» Problem description
Set the data down exactly as it stands, and keep its pictures out.

*** Begin section ***

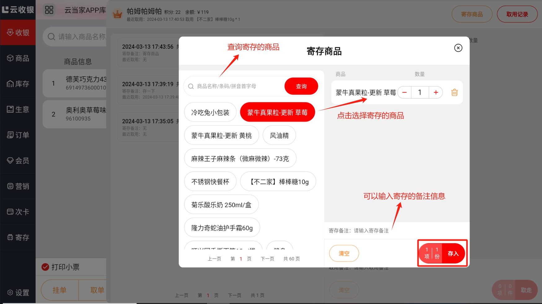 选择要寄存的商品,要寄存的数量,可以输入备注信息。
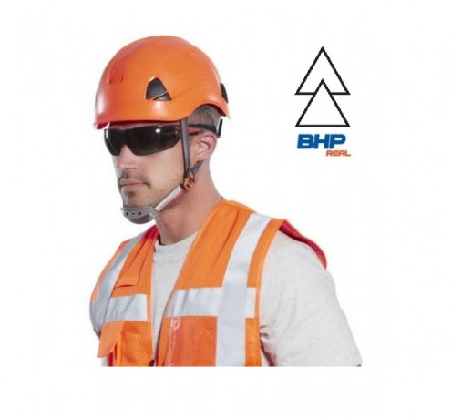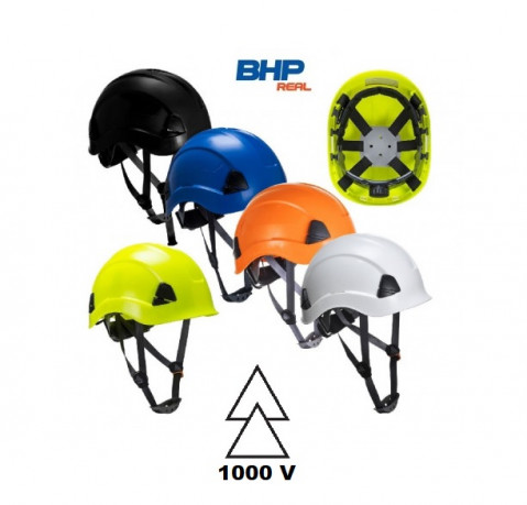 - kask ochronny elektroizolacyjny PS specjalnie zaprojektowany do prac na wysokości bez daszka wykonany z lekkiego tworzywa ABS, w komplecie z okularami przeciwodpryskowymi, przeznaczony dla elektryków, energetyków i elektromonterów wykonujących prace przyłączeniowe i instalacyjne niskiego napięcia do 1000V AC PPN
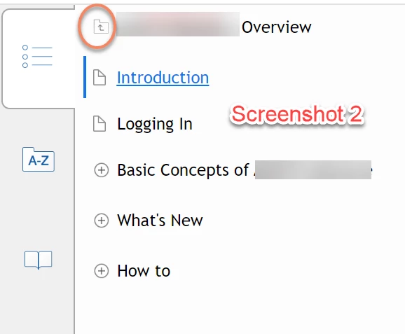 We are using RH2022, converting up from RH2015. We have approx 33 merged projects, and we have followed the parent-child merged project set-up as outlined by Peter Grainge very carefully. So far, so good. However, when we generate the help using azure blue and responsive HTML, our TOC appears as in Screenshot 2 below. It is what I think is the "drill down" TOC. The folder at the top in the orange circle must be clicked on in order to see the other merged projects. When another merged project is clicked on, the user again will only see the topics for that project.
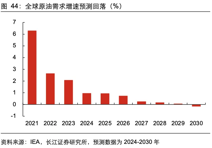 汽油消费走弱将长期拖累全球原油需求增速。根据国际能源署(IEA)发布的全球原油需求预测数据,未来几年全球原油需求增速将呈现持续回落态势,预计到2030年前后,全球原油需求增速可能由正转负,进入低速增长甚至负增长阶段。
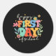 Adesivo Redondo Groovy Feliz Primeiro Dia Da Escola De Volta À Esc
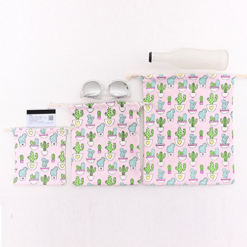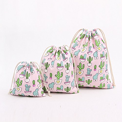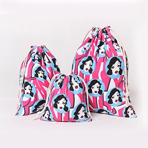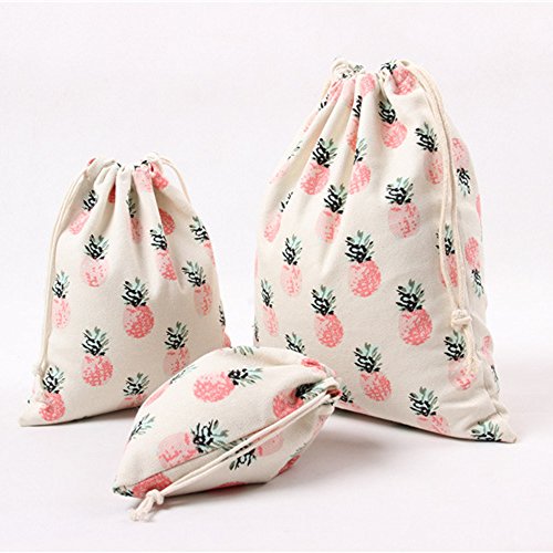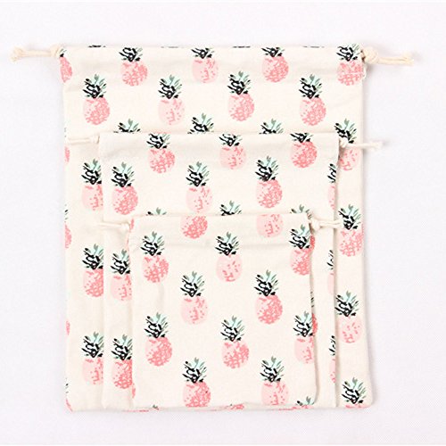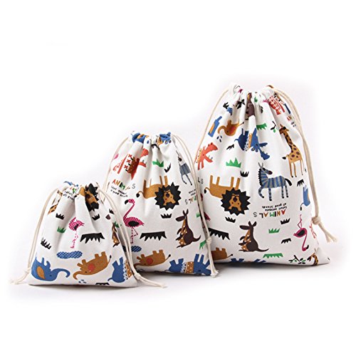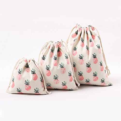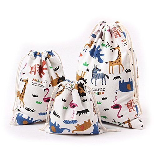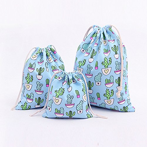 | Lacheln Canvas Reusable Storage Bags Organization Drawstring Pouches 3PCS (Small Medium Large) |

*** End section ***

» Written answer
 选择要寄存的商品,要寄存的数量,可以输入备注信息。
 - kask ochronny elektroizolacyjny PS specjalnie zaprojektowany do prac na wysokości bez daszka wykonany z lekkiego tworzywa ABS, w komplecie z okularami przeciwodpryskowymi, przeznaczony dla elektryków, energetyków i elektromonterów wykonujących prace przyłączeniowe i instalacyjne niskiego napięcia do 1000V AC PPN
 We are using RH2022, converting up from RH2015. We have approx 33 merged projects, and we have followed the parent-child merged project set-up as outlined by Peter Grainge very carefully. So far, so good. However, when we generate the help using azure blue and responsive HTML, our TOC appears as in Screenshot 2 below. It is what I think is the "drill down" TOC. The folder at the top in the orange circle must be clicked on in order to see the other merged projects. When another merged project is clicked on, the user again will only see the topics for that project.
 汽油消费走弱将长期拖累全球原油需求增速。根据国际能源署(IEA)发布的全球原油需求预测数据,未来几年全球原油需求增速将呈现持续回落态势,预计到2030年前后,全球原油需求增速可能由正转负,进入低速增长甚至负增长阶段。
 Adesivo Redondo Groovy Feliz Primeiro Dia Da Escola De Volta À Esc
 | Lacheln Canvas Reusable Storage Bags Organization Drawstring Pouches 3PCS (Small Medium Large) |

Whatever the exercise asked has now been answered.